_What is needed_
Each line from the first line of the entries through the line holding "大體積樣本離心瓶 離心瓶用于" is to be restated word for word; nothing else, and no picture, belongs in the answer.

Stored entries
== Segment start ==
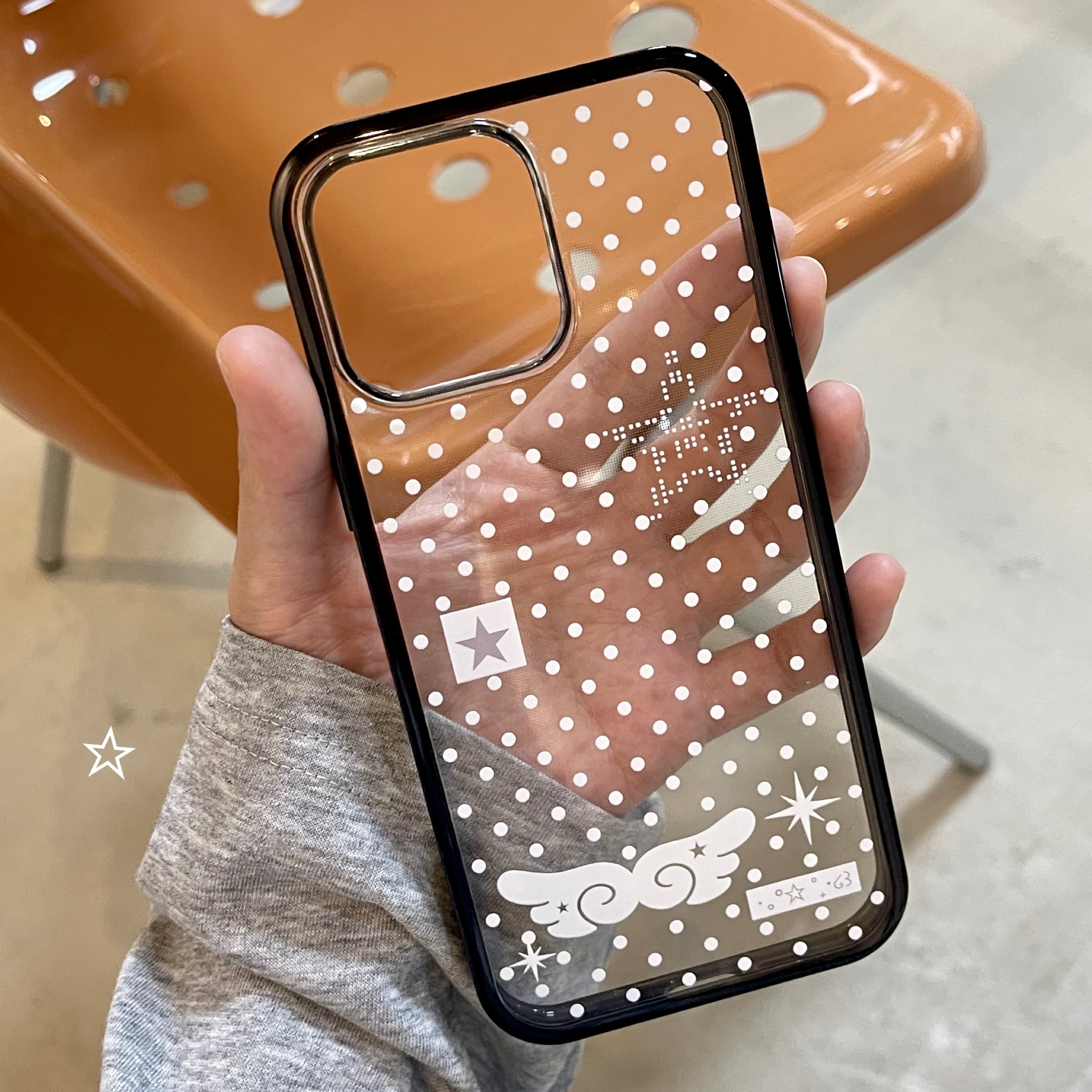 nanabear奈奈熊原创波点翅膀亚克力透明手机壳可放明星小卡拍立得韩系ins风黑边框适用于苹果17promax16pro15
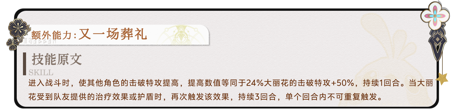 【解析】此额外能力是对大丽花辅助能力的强化效果,在解锁该额外能力后,大丽花在进入战斗或受到队友提供的生存效果时,可以使队伍内其他角色提高120%+的击破特攻(按0+1约300%击破特攻来计算,且大丽花星魂对该效果有强化),为队伍内的主要输出角色提供25%+的输出提升幅度。不过,该效果若要持续生效,则对治疗角色存在一定需求,三拐一时无法生效。
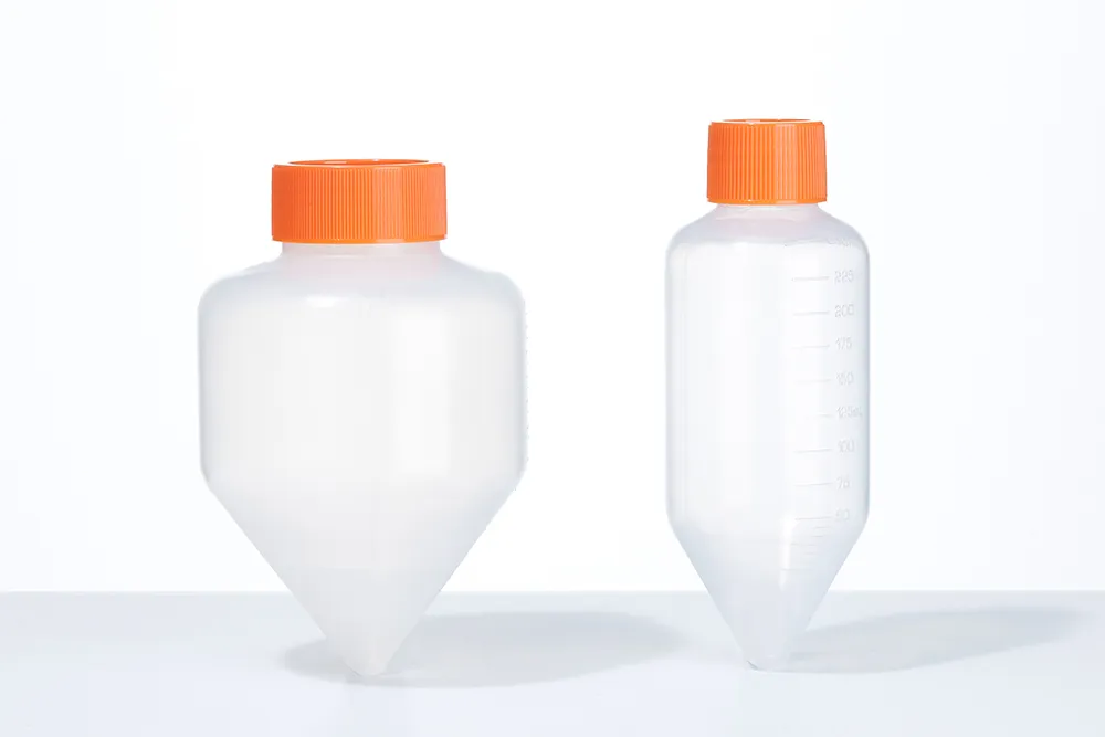 大體積樣本離心瓶 離心瓶用于大體積樣本的處理,瓶身側面有刻度凸起。離心瓶清潔后可重復使用。使用離心瓶是一定需要大型臺式離心機或立式離心機的。
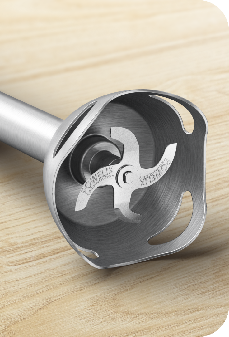 Особлива конструкція занурювальної ніжки зменшує шум та вібрацію осі, а її нижня форма, що захищає інгредієнти від розбризкування, дарує абсолютний комфорт під час використання.
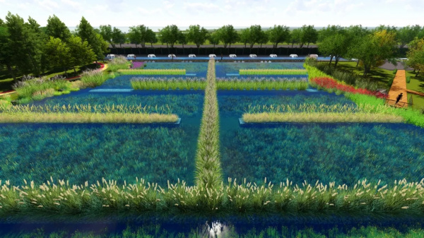 湿地计划建设生物稳定塘,与景观喷泉、台地花园和人文广场相结合,既能给参观者直观感受污水厂尾水经过一系列净化后的效果,也给参观者提供一个休闲交流的场所。
== Segment end ==
_Exercise result_
 nanabear奈奈熊原创波点翅膀亚克力透明手机壳可放明星小卡拍立得韩系ins风黑边框适用于苹果17promax16pro15
 【解析】此额外能力是对大丽花辅助能力的强化效果,在解锁该额外能力后,大丽花在进入战斗或受到队友提供的生存效果时,可以使队伍内其他角色提高120%+的击破特攻(按0+1约300%击破特攻来计算,且大丽花星魂对该效果有强化),为队伍内的主要输出角色提供25%+的输出提升幅度。不过,该效果若要持续生效,则对治疗角色存在一定需求,三拐一时无法生效。
 大體積樣本離心瓶 離心瓶用于大體積樣本的處理,瓶身側面有刻度凸起。離心瓶清潔后可重復使用。使用離心瓶是一定需要大型臺式離心機或立式離心機的。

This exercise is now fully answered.